Rivolta is convinced that it will be possible to treat many retinal diseases using gene therapies in the not all too distant future. He says that there is certainly interest on the part of industry and that, if a new gene therapy is developed, there are relevant databases that could be used to recruit patients who stand to benefit from treatment - all thanks to the detective work of geneticists.


In the course of their analyses, the researchers working under Carlo Rivolta also investigated how many people in the population are healthy carriers of mutations that lead to retinal diseases if they affect both alleles. This work indicated that approximately every second person is a healthy carrier. However, because the mutations can occur in over 300 different genes, it’s very rare for two people carrying a mutation in exactly the same gene to have a child together.
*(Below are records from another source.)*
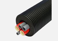 Полибутеновые трубы заключены в высокоэнергоэффективную ТЕПЛОИЗОЛЯЦИЮ ИЗ ФИЗИЧЕСКИ ВСПЕНЕННОГО (ГАЗОНАПОЛНЕННОГО) ПОЛИЭТИЛЕНА THERMAFLEX, которая в свою очередь защищена от механических повреждений высокопрочным гофрированным кожухом из полиэтилена низкого давления с добавлением КАРБОНА, приваренным к тепловой изоляции.
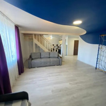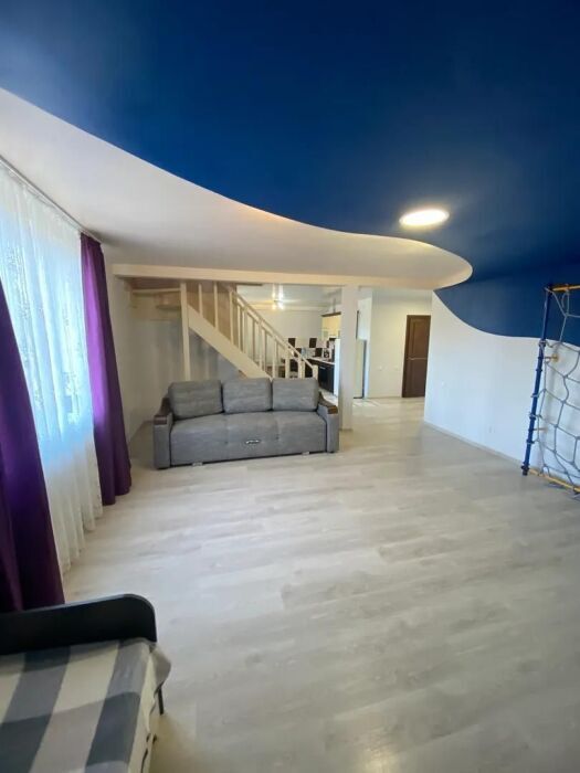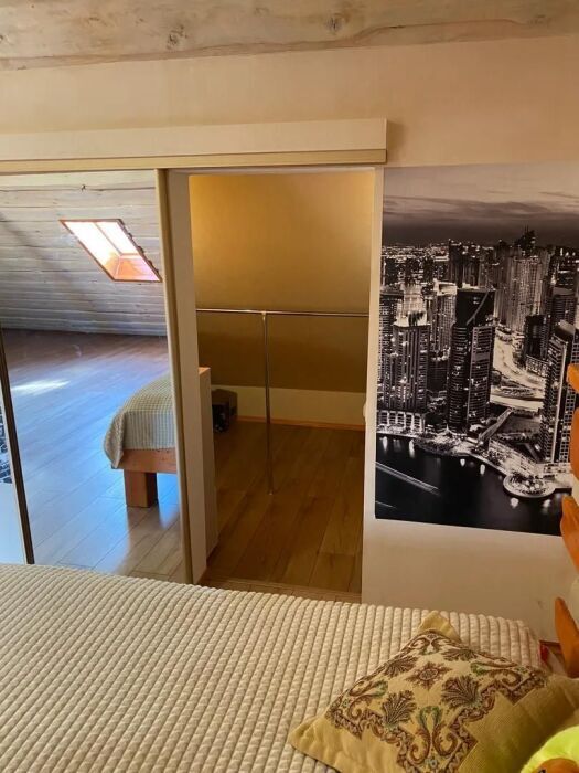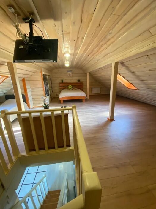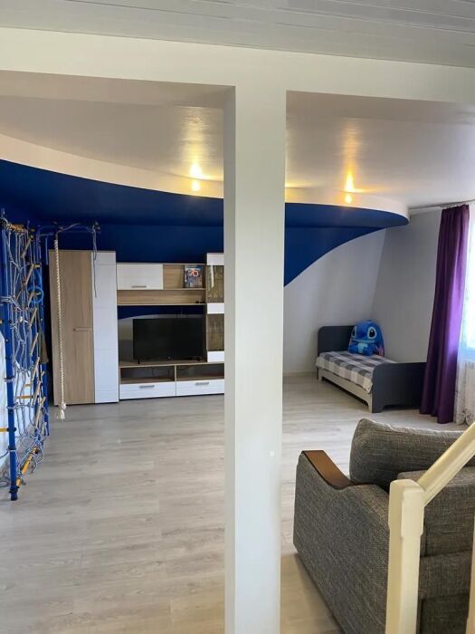 Большой двухуровневый номер с балконом. На первом уровне: полностью оборудованная кухня с раскладным угловым диваном(спальное место 1, 2*1, 9) и обеденным столом, зал с диван-кроватью(спальное место 2, 0*2, 2), детской кроваткой(0, 7*1, 7), телевизором и шкаф-стенка. Также на первом уровне прихожая и санузел. На втором уровне есть гардеробная, большая двуспальная кровать(1, 6*2) и детская кровать(0, 7*1, 7). Второй уровень также имеет гардеробную тумбу и телевизор.
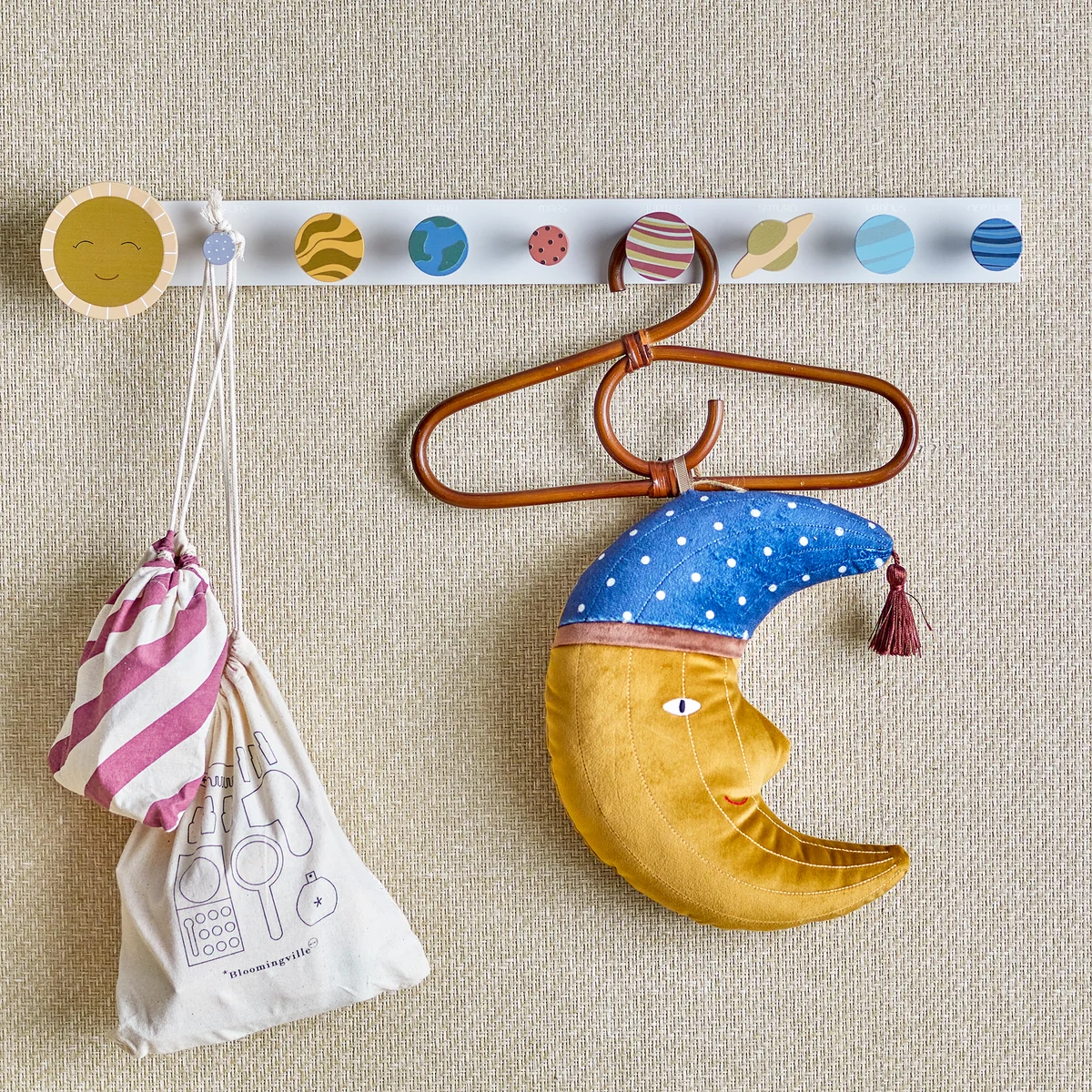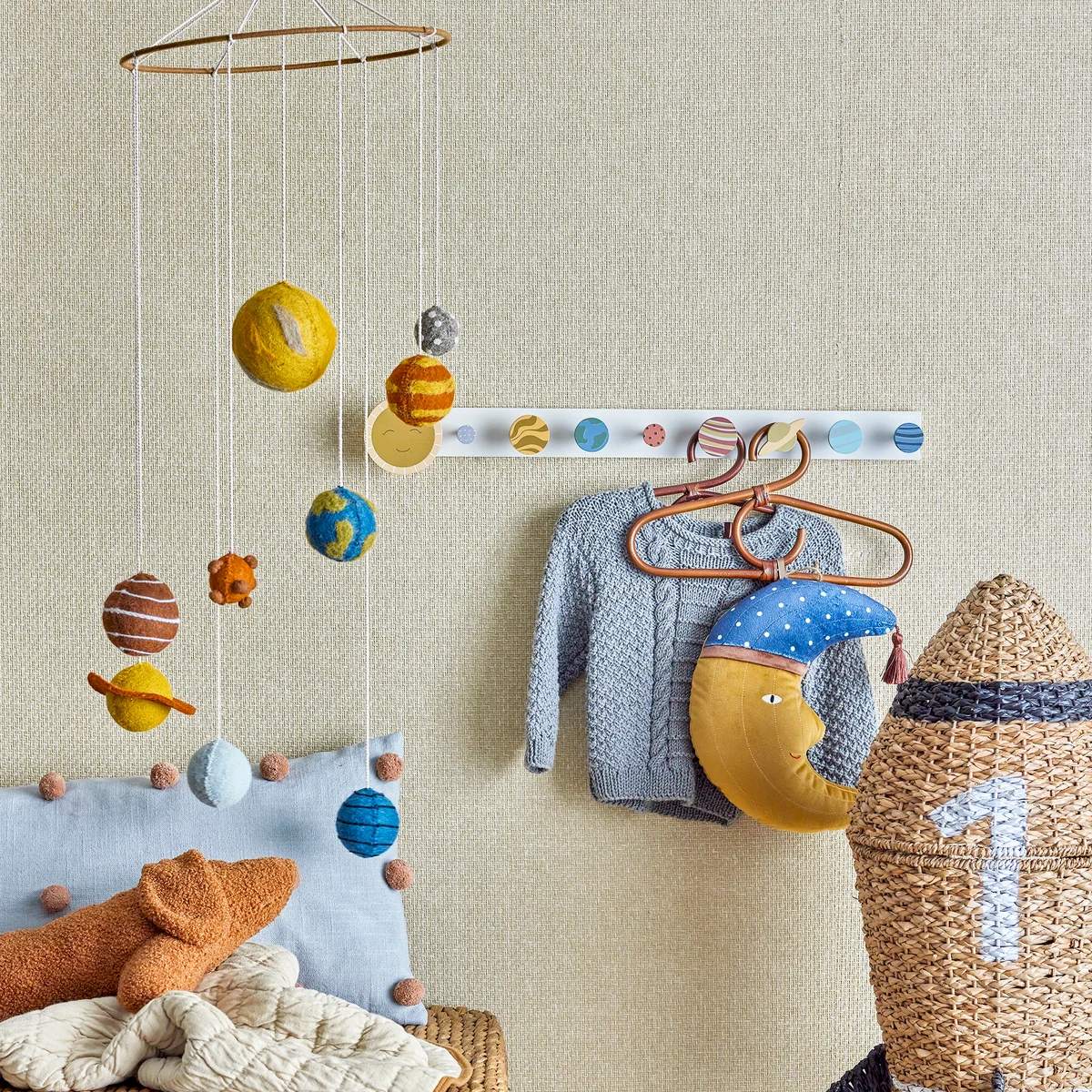 Die Space Hakenleiste von Bloomingville Mini ist ein einzigartiges Geschenk für neugierige Kinder und ein dekoratives Highlight für jedes Kinderzimmer. Diese Garderobe aus MDF-Holz zeigt unser faszinierendes Sonnensystem und verfügt über Haken mit den Namen der Planeten darüber. Dies ermöglicht es Kindern, auf spielerische Weise mehr über die Planeten zu erfahren, während sie gleichzeitig einen praktischen Ort haben, um ihre Jacken und Taschen aufzuhängen. Die Space Hakenleiste vereint spielerisches Lernen, Funktion und Ästhetik auf eine wunderbare Weise und trägt dazu bei, die Fantasie und den Wissensdurst der kleinen Entdecker zu fördern.
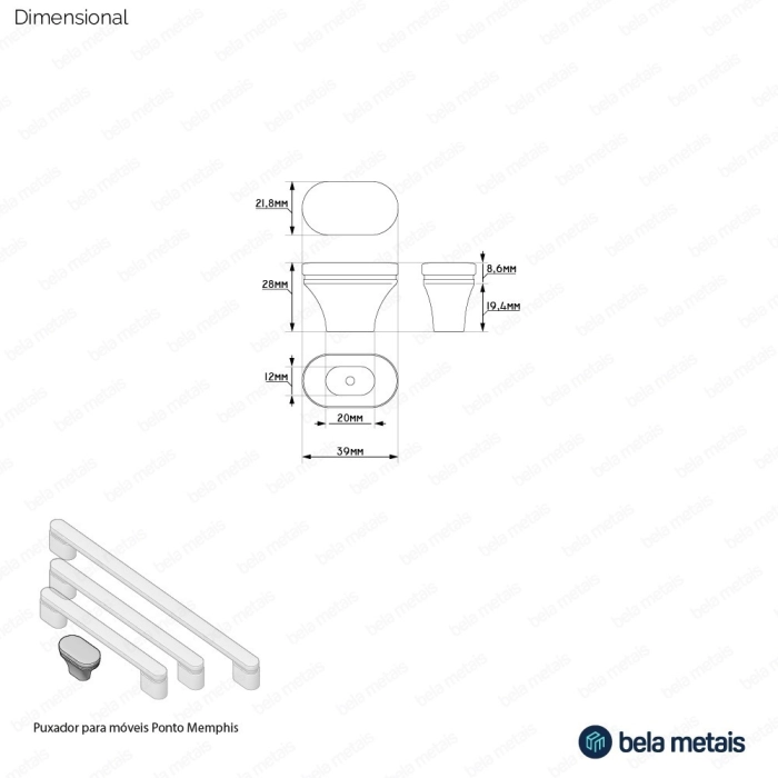 Puxador para Móvel Ponto Zamac (Memphis Escovado)
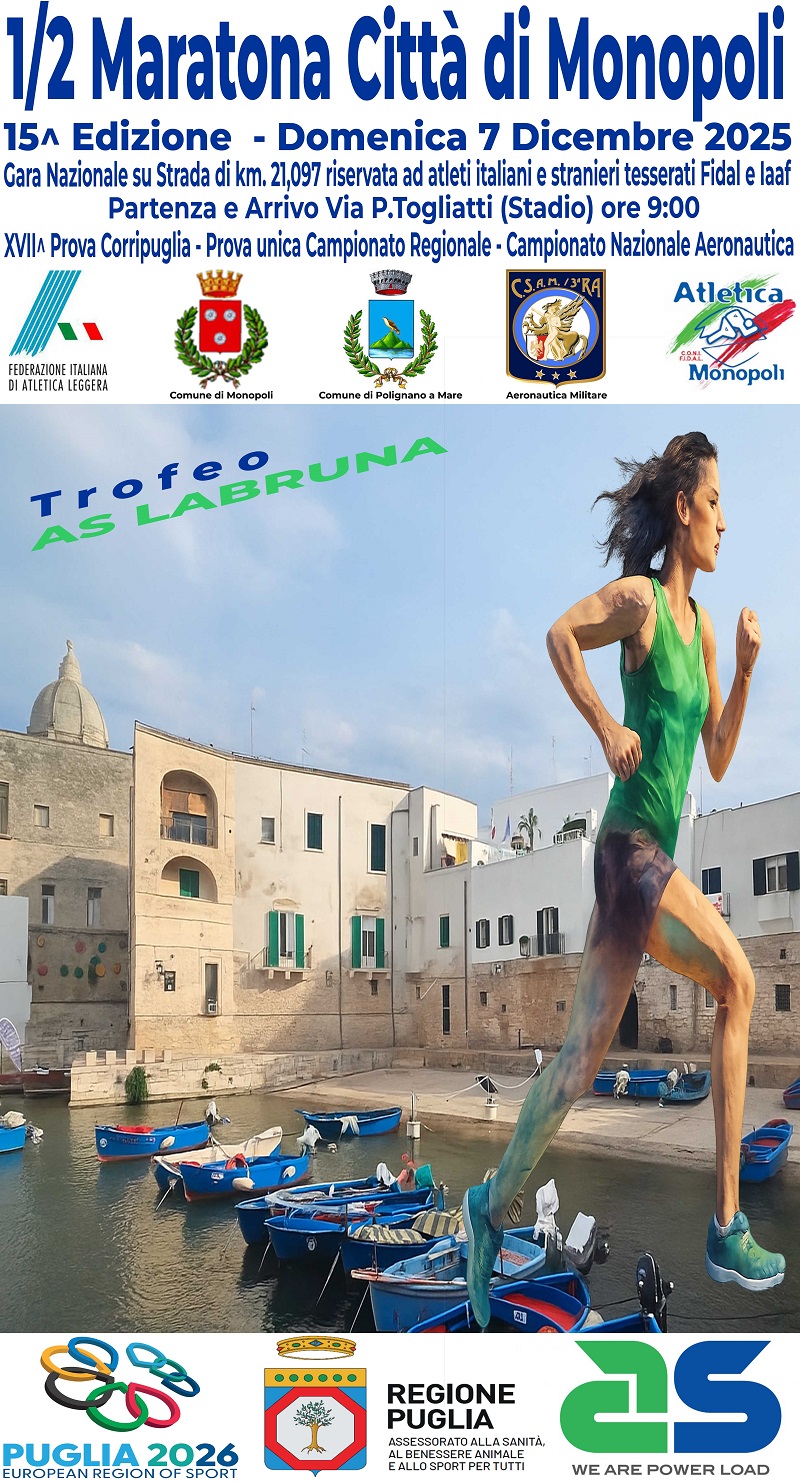 15° Mezza Maratona Citta’ di Monopoli Data: 07/12/2025 Località: Monopoli (Ba) 🏆 🏅 Classifica: Clicca qui 📌 Luogo: Puglia / Bari⏰ Orario: 09:00📏 Distanza (max): 21.097 kmDescrizione: Competitiva di Km 21,097. Partenza ore 09:00 da via Palmiro Togliatti (Stadio) Volantino / Regolamento

One exception are couples who are blood relatives: given that the genetic mutation is passed on through the family tree, two healthy carriers who are distantly related to one another can pass the same mutation on to joint offspring. "Couples who are blood relatives have the highest risk of producing offspring with a rare retinal disease," says Rivolta. He adds that, on average, they are at even greater risk than unrelated parents who both suffer from a rare retinal disease. "In their case, it’s very likely that different genes are affected - and since the offspring only inherits one mutated copy of each gene, the child will most likely become a healthy carrier."

In a multi-part series of articles between International Neglected Disease Day (30 January) and Rare Disease Day (29 February), we highlight research at the University of Basel that aims to improve our understanding of such diseases and drive forward new therapeutic approaches.